В это время с северного входа в западную пристройку вышла Инчунь с ребёнком на руках. Это был Лань Кайфан, твой, Цзефан, сынок от Хэцзо. Говоришь, никаких чувств не испытывал, а ребёнок откуда? Скажи ещё, что уже тогда детей из пробирки выводили, лицемер несчастный!
— Слышь, бабуля, — обратилась Инчунь к Цюсян. — Закрывала бы ты лавочку. А то каждый вечер галдёж, дым коромыслом, твоему внуку не заснуть от всего этого.
Почти все, кому положено, на сцену вышли. Не хватало Лань Ляня, но явился и он. На лопате он нёс связку корней шелковицы. Войдя в ворота и ни на кого даже не взглянув, он направился к У Цюсян:
— С шелковицы на твоём участке корни проросли на мой, перерубил вот и возвращаю.
— Ох, упрямец старый, скажи на милость, что ты ещё выкинешь?! — изумилась Инчунь.
Зевая, подошёл Хуан Тун. Он спал всё это время на бамбуковом шезлонге:
— И не лень было все эти корни отрывать? Нынче только тупоголовые свиньи от земли кормятся!
— Расходись давай! — нахмурился Цзиньлун, повернулся и зашёл в главное здание усадьбы.
Народ стал молча расходиться.
Ворота усадьбы тяжело захлопнулись. Над деревней повисла тишина, в ней бродил лишь я и луна, которой некуда было идти. На тело мне падали ледяные песчинки лунного света…
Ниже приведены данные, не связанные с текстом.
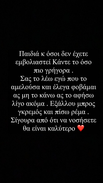 …και στη συνέχεια πρόσθεσε: «Παιδιά και όσοι δεν έχετε εμβολιαστεί. Κάνετε το όσο πιο γρήγορα. Σας το λέω εγώ που το αμελούσα και έλεγα φοβάμαι ας μη το κάνω ας το αφήσω λίγο ακόμα. Εξάλλου μπρος γκρεμός και πίσω ρέμα. Σίγουρα από ότι να νοσήσετε θα είναι καλύτερο”
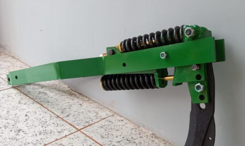 Para áreas com excesso de pedras criamos um produto para resolver o problema do agricultor. Desenvolvemos um sistema de facão com rearme automático adaptável em qualquer plantadeira. Facão de desarme com rearme automático

ГЛАВА 34Хун Тайюэ в гневе лишается мужского достоинства. Воспользовавшись смутой, Драное Ухо захватывает трон
В «Записках о свиноводстве» Мо Янь подробно описывает, как я откусил Хун Тайюэ его сокровища и как он стал инвалидом. Якобы Хун Тайюэ присел «развести рукава» под кривым абрикосом, а я воспользовался этим и неожиданно напал сзади. При этом он с нарочитой серьёзностью описывает аромат цветущего абрикоса, пчёл, собирающих нектар в лунном свете, у него ещё получилась с виду прекрасная фраза: «В лунном свете тропинка через абрикосовый сад вилась молочной рекой». Меня паршивец изобразил этаким хряком-извращенцем, пристрастившимся откусывать людям эти дела — вот уж поистине, «своей подлой душонкой мерить суть благородного мужа». Только подумай, как я, Шестнадцатый, с моим почти героизмом и благородством, мог исподтишка наброситься на человека, справляющего нужду? Писал, видать, с гадостными и подлыми мыслями на уме, вот и читать невозможно без отвращения. Ещё он понаписал, что той весной я бесчинствовал по всему Гаоми, загрыз более десятка голов крестьянского скота, и описал это так же гнусно и подло. Якобы я всегда нападал, когда коровы гадили, впивался им в зад и выдирал кишки. Вот что он пишет: «Вокруг извивались вывалянные в грязи сероватые кишки… От безумной боли животные бросались куда глаза глядят, волоча их за собой, в конце концов падали и подыхали…» В силу своего гнусного воображения этот паршивец изобразил меня абсолютным монстром. На самом деле виновником ущерба, нанесённого этим коровам, был волк, старый извращенец, пробравшийся с гор Чанбайшань.[242] Он искусно прятался, не оставлял следов, и все его преступления вешали на меня. Позже, когда этот волк проник к нам на косу семьи У, мне даже не пришлось вступать в схватку, его растоптали в лепёшку, а потом разорвали на куски мои свирепые сыновья и внуки.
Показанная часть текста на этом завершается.